An Irish Village

Saturday, December 10, 2011

New novel based on the life of Michael Dwyer.

Citizen Dwyer is a recently-published novel by Sean McCarthy, which follows the adventurous and torturous life of the renowned rebel leader Michael Dwyer. Sean McCarthy, the author of works such as When Jolie met Christie, is a playwright and novelist, who has also written for television, and his new novel has all the ingredients necessary to make it a historical blockbuster. McCarthy evidently did much research into the period spanning the late eighteenth and early nineteenth centuries. He skilfully recreates the atmosphere of the time, capturing both the worlds of the powerful elite and the downtrodden masses very well. He paints excellent pictures in words of Ireland and Australia – both of which are utterly believable and neither of which is easily forgotten.

McCarthy’s writing skills do not stop there however, as he has successfully endowed his characters with credible traits and motives for their actions – in short, he has breathed life into characters who lived two centuries ago. The story of Michael Dwyer is gradually revealed, starting in Wicklow and taking the reader through the turbulent years of the 1798 rebellion and its aftermath, when Dwyer and his band of rebels successfully resisted Crown forces in the Wicklow Mountains for over five years. The dialogue between the principal characters, such as Dwyer and Hugh Vesty Byrne, is pithy, earthy and plausible, adding tremendously to the pleasure of reading a good story well told.

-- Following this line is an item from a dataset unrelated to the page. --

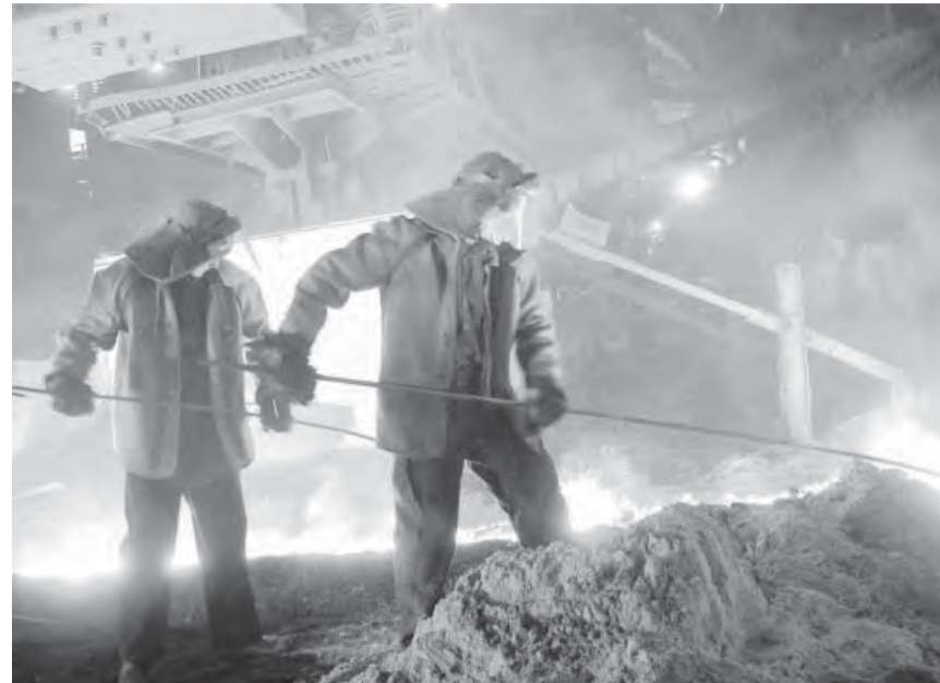
● У домы жарко всегда.

The storyline moves on and the action switches to Australia, a raw and vibrant penal colony, following Dwyer’s cessation of military operations and his transportation to the new land. This part of the novel follows Dwyer’s many Australian adventures, and his battle with his increasing reliance on alcohol. Dwyer’s inner demons are laid bare as the plot unfolds, and perhaps McCarthy’s greatest triumph is his depiction of Dwyer as a man at war with himself; a man who has sought and eventually gained freedom – from everybody but himself. There is no doubt that this novel works very well at the human as well as the historical level. Dwyer’s story becomes part of a greater literary mechanism – the struggle of man against his own weakness and his inability to escape from himself – and Citizen Dwyer portrays this aspect of the human condition every bit as skilfully as it places Michael Dwyer in the context of the historical backdrop of his times.
The book is published in Dublin by New Island books, with support from the Arts Council. It is an attractive paperback of 354 pages, which captures the imagination of the reader, and should be under the Christmas tree of anyone with an interest in the period, in Irish history generally, in County Wicklow – or just with an interest in the pleasure of reading a good book with a fine storyline and a depth of insight into the human condition. I heartily recommend it to everyone, and wish it every success.